*** SOURCE DATA ***
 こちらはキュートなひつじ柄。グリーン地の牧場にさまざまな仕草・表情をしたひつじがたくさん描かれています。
***
*** SOURCE DATA ***
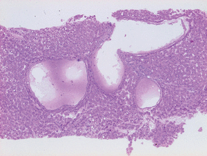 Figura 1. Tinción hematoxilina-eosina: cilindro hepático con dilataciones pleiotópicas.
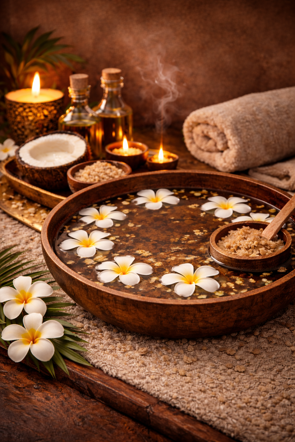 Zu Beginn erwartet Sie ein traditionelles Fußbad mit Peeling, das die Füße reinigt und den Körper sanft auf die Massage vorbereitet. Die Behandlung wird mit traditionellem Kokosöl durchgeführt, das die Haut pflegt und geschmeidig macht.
***
EXERCISE
Within the listing above, extract exactly the lines that run from the one containing "Figura 1. Tinción" through the one containing "Zu Beginn erwartet", excluding any pictures.

WRITTEN REPLY
 Figura 1. Tinción hematoxilina-eosina: cilindro hepático con dilataciones pleiotópicas.
 Zu Beginn erwartet Sie ein traditionelles Fußbad mit Peeling, das die Füße reinigt und den Körper sanft auf die Massage vorbereitet. Die Behandlung wird mit traditionellem Kokosöl durchgeführt, das die Haut pflegt und geschmeidig macht.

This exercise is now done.